Они встретились через семь лет, когда русские пришли в Париж. А сама принцесса аравийских грез, выучившись бухгалтерии, заняла место мадам Сандомир. Вот был пассаж! Она выставила для него лучших девочек. Но он, уже генерал-майор, согласился только на вечер с ней.
«Мы решили начать приготовление к побегу».
Запершись у себя в спальне, Бенкендорф развернул карту, на которой свинцовым карандашом проложил путь Жоржины от Парижа до Амстердама. Ему уже прислали паспорт из голландского посольства, переданный через министерство полиции. Полагаться на эту бумажку не стоило.
Следовало получить новый, желательно от австрийцев, по своим каналам и на другое имя. Найти на улице женщину, смахивавшую на Жорж, то есть высокую и черную, не составляло труда. А за сто франков любая зеленщица согласилась бы не то что отдать имя – продать душу, если бы этот товар кого-то интересовал.
Итак, он справится. Но надо торопиться.
Еще одно. Новый маршрут. Через другие города, к другой границе. Выглядело сложнее, но полковник послюнил карандаш и засел за карту. Он не позволит Фуше так просто сорвать масть! Но зачем министр полиции пустился в самостоятельную игру? Явно неугодную императору?
На каждом шагу Александр Христофорович натыкался на необходимость знать больше, чем знал.
Возможно, Фуше хочет погубить Талейрана, раскрыв его связи с русскими. А, возможно, они заодно. Оба не хотят, чтобы Наполеон контактировал с царем напрямую, через Жорж, без контроля министров. Тогда его, Бенкендорфа, противник сам Талейран? Именно ему не нужна Жоржина в Петербурге.
Или англичане? Или австрийцы? Голова шла кругом. Можно было сесть на пол и закричать от отчаяния.
Полковник вовремя сказал себе: «Не важно, что наверху. От этого мои действия не меняются. Новые документы. Новая дорога. И очень быстрая скачка». Только бы Жоржина не подвела!
Но Жорж как раз подвела.
«Прежде чем она успевала произнести хоть одно слово, гром рукоплесканий прокатывался от партера до галереи. Ее пронзительный голос скандировал каждый слог с жестокой медлительностью, усугублявшей стеснение в груди».
Приближался день премьеры. Актриса все больше вздыхала по парижской публике, которую покидала неизвестно зачем. Сумеют ли варвары оценить ее талант? Признают ли чужеземку царицей сцены?
Она чуть не сорвалась с крючка.

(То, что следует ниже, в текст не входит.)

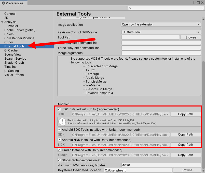 6)에디터를 재시작하고 preferences로 이동한다. external tools의 android에서 SDK, NDK 및 OpenJDK의 설치 경로가 정상적으로 설정되어있는것을 확인할수있다.

А полковник развесив уши едва ей не поспособствовал. Но что-то железное уже просыпалось в нем. Что-то, помимо желания и самой покорной любви, не позволяло ослабить хватку.
Дорожная карета была приготовлена. Вещи собраны. Настал день премьеры «Артаксеркса». Жоржина обещала провалить спектакль, чтобы обрести на неделю-другую свободу от театральной суеты. Шурка слабо ей верил. Талант владеет человеком едва ли не сильнее, чем порок. Приучите женщину к дорогим покупкам, а мужчину к игре, и их не остановить. Но трижды не остановишь художника. Даже в нищете он будет малевать углем на стенах домов.
Бенкендорф понимал, что заставить Жоржину играть плохо – то же самое, что придерживать призовую лошадь на скачках. Она привыкла к первенству и могла сбросить жокея.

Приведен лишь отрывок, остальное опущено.